The US midterms are now less than five months away. Even a prompt opening of the strait is unlikely to markedly reduce gas prices before the election, which even before the war was already poised to hinge on affordability issues. The war is now opposed by some 60 percent of the public, as Americans recognize the direct hit it has landed on their pocketbooks. Trump and his Republican colleagues would like to be free of this albatross with time to recover before voters cast their ballots. Naturally, these concerns are of little relevance to Netanyahu.
Domestic fallout for Netanyahu
Netanyahu has long marketed himself to Israelis as the sole leader who can ensure their security and, drawing on Trump’s popularity in Israel, as Trump’s best friend and partner in reshaping the Middle East in Israel’s favor. But the prime minister heads into a difficult fall election campaign with both of those contentions in doubt, perhaps even in tension.

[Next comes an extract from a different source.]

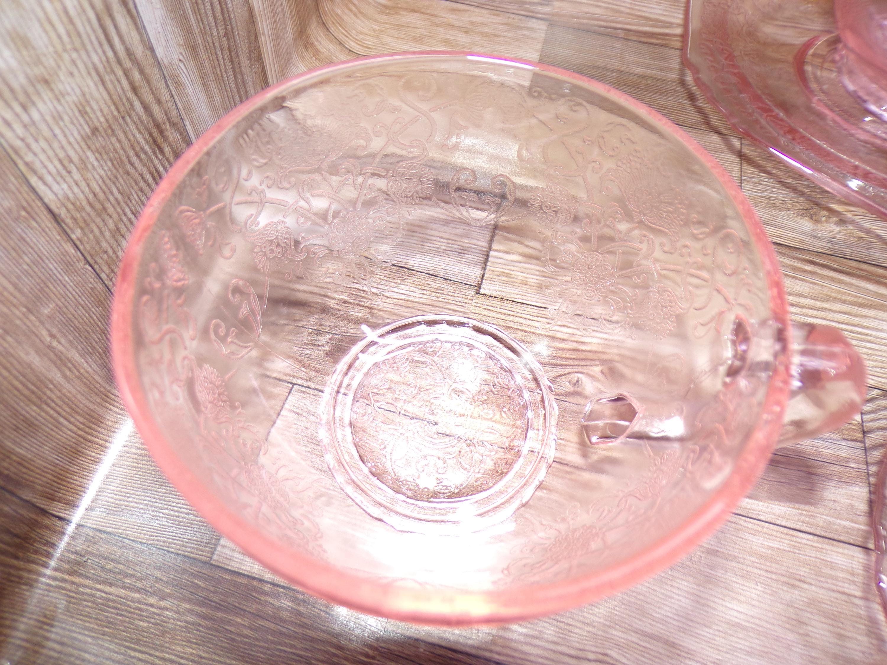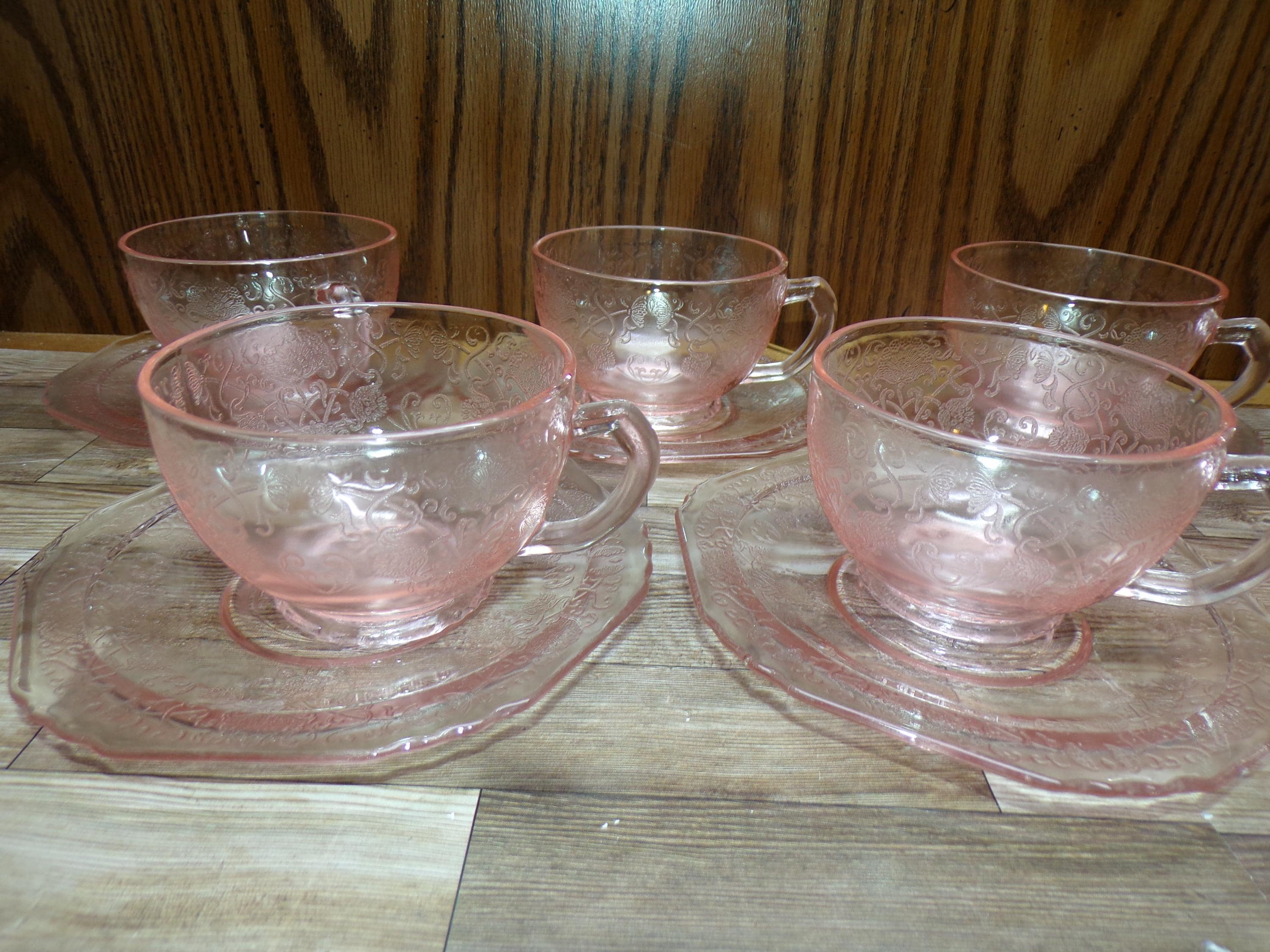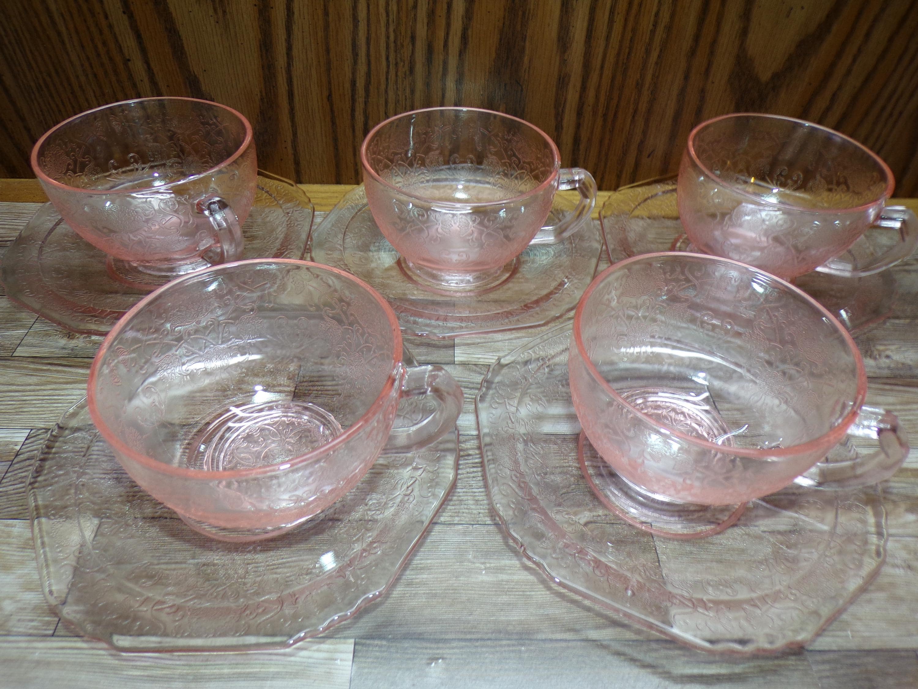 2510 Vintage Pink Glass Floral 10 pc Set 5 Cups & 5 Saucers - Great Condition

Netanyahu’s opponents and supporters alike criticize him for accepting a reality in which Israel cannot make sovereign decisions to act in its own defense and must accept constraints imposed by a foreign leader (even a friendly one) who belittles Israel’s concerns. That makes his perilous path to political survival more challenging still. Trump has previously staunchly defended the prime minister, calling for Israeli President Isaac Herzog to issue Netanyahu a pardon to curtail his corruption trial. At one time, Netanyahu planned to invite Trump to Israel to present him with the Israel Prize and highlight their partnership. That move may no longer be possible, or even politically valuable to Netanyahu.
Trump and Netanyahu share a commitment to ensuring that Iran can never possess a nuclear weapon, but the war has revealed many misaligned intervening objectives and priorities. That misalignment does not preclude future cooperation, whether during or after the current war, on the leaders’ common pledge to prevent a nuclear-armed Iran. Negotiations over a new US-Israeli security cooperation agreement are already underway. And one could imagine Trump trying to boost Netanyahu’s electoral chances in other ways. But the divergences in their national and political interests have narrowed both the space for them to make common cause and the persuasiveness of their attempts to do so.